__Task brief__
Down to the last line, reproduce the data that follows, but skip the pictures.

__Data below__

════════════════

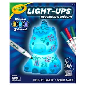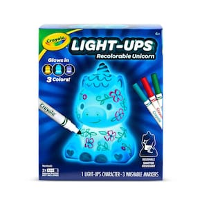 Boneco de unicórnio Crayola Light Ups, brinquedo recolorível Light Up, presente para crianças, 5, 6, 7, 8 — LIGHT UPS UNICORN: possui 1 personagem Light Ups recolorível, 3 marcadores laváveis (surfe magenta, verde e turquesa) e uma folha de instruções. - ATIVIDADE DE COLORIR PARA CRIANÇAS: Crie durante todo o ano com um personagem recolorível que se ilumina. Limpe facilmente os marcadores FX sempre que estiver pronto para começar um novo design colorido! - BRINQUEDO ILUMINADO: Este brinquedo iluminado brilha em 3 cores, incluindo roxo, amarelo e azul claro. Quando terminar de colorir seu personagem, use o temporizador de luz de 4 horas para exibi-lo e se divertir. - SEGURO E NÃO TÓXICO: ideal para crianças de 4 anos ou mais! - NOTAS GERAIS: Este brinquedo infantil requer 3 pilhas AAA (não incluídas).
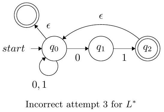 - 解答中的图示采用了另一种等价的星号构造方法:(1) 添加新起始/接受状态 $s$ (2) 添加 $s \xrightarrow{\epsilon} q_0$ (3) 添加 $q_2 \xrightarrow{\epsilon} s$ (4) 添加 $q_2 \xrightarrow{\epsilon} q_0$ 的返回边和 $s$ 成为接受状态。解答中的图更复杂,但核心思想都是为了实现“0次或多次重复”。
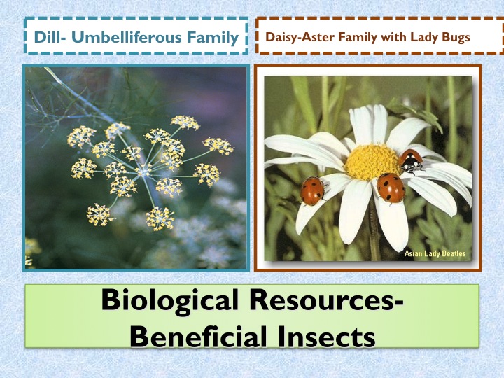chemical blends that often involve heavy metals whipped into a neurotoxin for insects known as pesticides. However, much research has been done on bringing balance into the system to stabilize the onset of insect attacks. By working with nature, we can design in and manage succession to encourage plants from the following families: Asteraceae (daisy family), Apiaceae (or Umbelliferae, Carrot Family), and Lamiaceae (Mint family). These plant families as well as some other specific plants help support various predator insects at different life stages. They also feed on prey insect which are garden pests. These plants can be designed in as guilds or if you leave abandoned strips of vegetation along the edge of forests or plantings can be maintained in herbaceous succession. Nature uses these plants inherently when it starts to regenerate systems because they help to bring balance to insect life.

════════════════

__Answer space__
 Boneco de unicórnio Crayola Light Ups, brinquedo recolorível Light Up, presente para crianças, 5, 6, 7, 8 — LIGHT UPS UNICORN: possui 1 personagem Light Ups recolorível, 3 marcadores laváveis (surfe magenta, verde e turquesa) e uma folha de instruções. - ATIVIDADE DE COLORIR PARA CRIANÇAS: Crie durante todo o ano com um personagem recolorível que se ilumina. Limpe facilmente os marcadores FX sempre que estiver pronto para começar um novo design colorido! - BRINQUEDO ILUMINADO: Este brinquedo iluminado brilha em 3 cores, incluindo roxo, amarelo e azul claro. Quando terminar de colorir seu personagem, use o temporizador de luz de 4 horas para exibi-lo e se divertir. - SEGURO E NÃO TÓXICO: ideal para crianças de 4 anos ou mais! - NOTAS GERAIS: Este brinquedo infantil requer 3 pilhas AAA (não incluídas).
 - 解答中的图示采用了另一种等价的星号构造方法:(1) 添加新起始/接受状态 $s$ (2) 添加 $s \xrightarrow{\epsilon} q_0$ (3) 添加 $q_2 \xrightarrow{\epsilon} s$ (4) 添加 $q_2 \xrightarrow{\epsilon} q_0$ 的返回边和 $s$ 成为接受状态。解答中的图更复杂,但核心思想都是为了实现“0次或多次重复”。
chemical blends that often involve heavy metals whipped into a neurotoxin for insects known as pesticides. However, much research has been done on bringing balance into the system to stabilize the onset of insect attacks. By working with nature, we can design in and manage succession to encourage plants from the following families: Asteraceae (daisy family), Apiaceae (or Umbelliferae, Carrot Family), and Lamiaceae (Mint family). These plant families as well as some other specific plants help support various predator insects at different life stages. They also feed on prey insect which are garden pests. These plants can be designed in as guilds or if you leave abandoned strips of vegetation along the edge of forests or plantings can be maintained in herbaceous succession. Nature uses these plants inherently when it starts to regenerate systems because they help to bring balance to insect life.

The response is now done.